1060. Are They Equal (25)

If a machine can save only 3 significant digits, the float numbers 12300 and 12358.9 are considered equal since they are both saved as 0.123*10⁵ with simple chopping. Now given the number of significant digits on a machine and two float numbers, you are supposed to tell if they are treated equal in that machine.

Input Specification:

Each input file contains one test case which gives three numbers N, A and B, where N (<100) is the number of significant digits, and A and B are the two float numbers to be compared. Each float number is non-negative, no greater than 10¹⁰⁰, and that its total digit number is less than 100.

Output Specification:

For each test case, print in a line "YES" if the two numbers are treated equal, and then the number in the standard form "0.d₁...d_N*10^k" (d₁>0 unless the number is 0); or "NO" if they are not treated equal, and then the two numbers in their standard form.

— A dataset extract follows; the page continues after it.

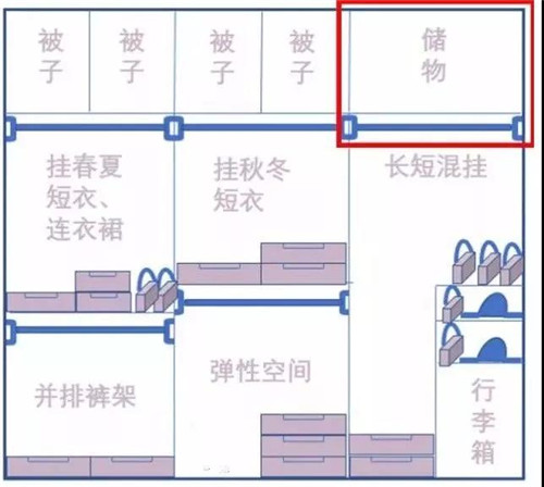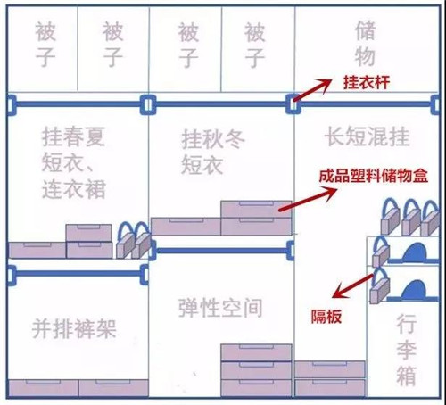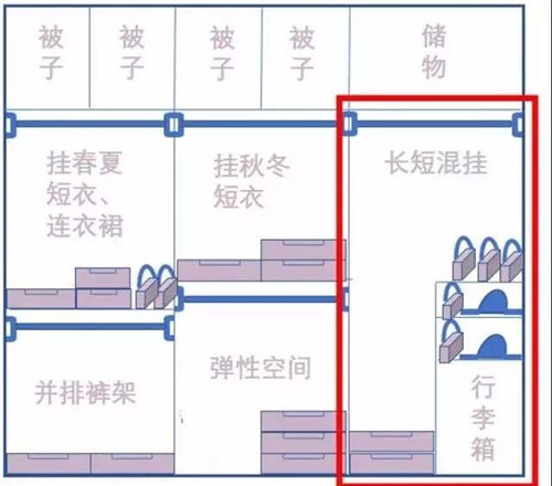 下方是彈性的區(qū)域,既能掛衣又能放抽屜或箱子之類的,看你自己的安排。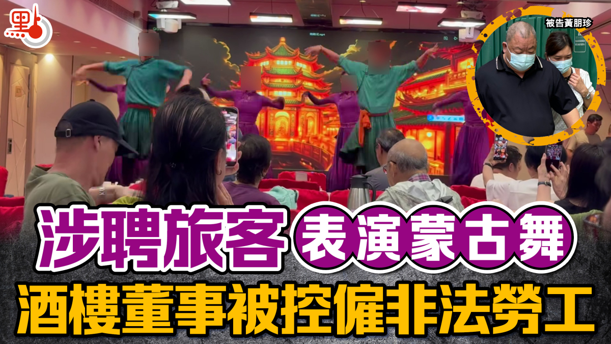 54歲被告黃朋珍報稱為「恒生糧道飲食集團有限公司」董事。根據控方指控,黃朋珍於今年7月28日涉嫌僱用六名來自內蒙古的旅客,包括張燕芝、姚瑤、安娜、潘楚晴、索昊宇及周鈺皓,為酒樓的表演者。

All the terms must be separated by a space, with no extra space at the end of a line.

Note: Simple chopping is assumed without rounding.

Sample Input 1:

3 12300 12358.9

Sample Output 1:

YES 0.123*10^5

Sample Input 2:

3 120 128

Sample Output 2:

NO 0.120*10^3 0.128*10^3

#include<iostream>
#include<string>
using namespace std;
int n;

string deal(string s, int &e){
    int k = 0;
    while(s.length() > 0 && s[0] == '0'){
        s.erase(s.begin());
    }
    if(s[0] == '.'){
        s.erase(s.begin());
        while(s.length() > 0 && s[0] == '0'){
            s.erase(s.begin());
            e--;
        }
    }else{
        while(k < s.length() && s[k] != '.'){
            k++;
            e++;
        }
        if(k < s.length()){
            s.erase(s.begin()+k);
        }
    }
    if(s.length() == 0) e = 0;
    int num = 0;;
    k = 0;
    string res;
    while(num < n){
        if(k < s.length()) res += s[k++];
        else res +='0';
        num++;
    }
    return res;
}

int main(){
    string s1,s2,s3,s4;
    int e1=0,e2=0;
    cin >> n >> s1 >> s2;
    s3 = deal(s1,e1);
    s4 = deal(s2,e2);
    if(s3 == s4 && e1 == e2){
        cout <<"YES 0."<<s3 <<"*10^"<<e1<<endl;
    }
    else{
        cout <<"NO 0."<<s3<<"*10^"<<e1 <<" 0."<<s4<<"*10^"<<e2<<endl;
    }
    return 0;
}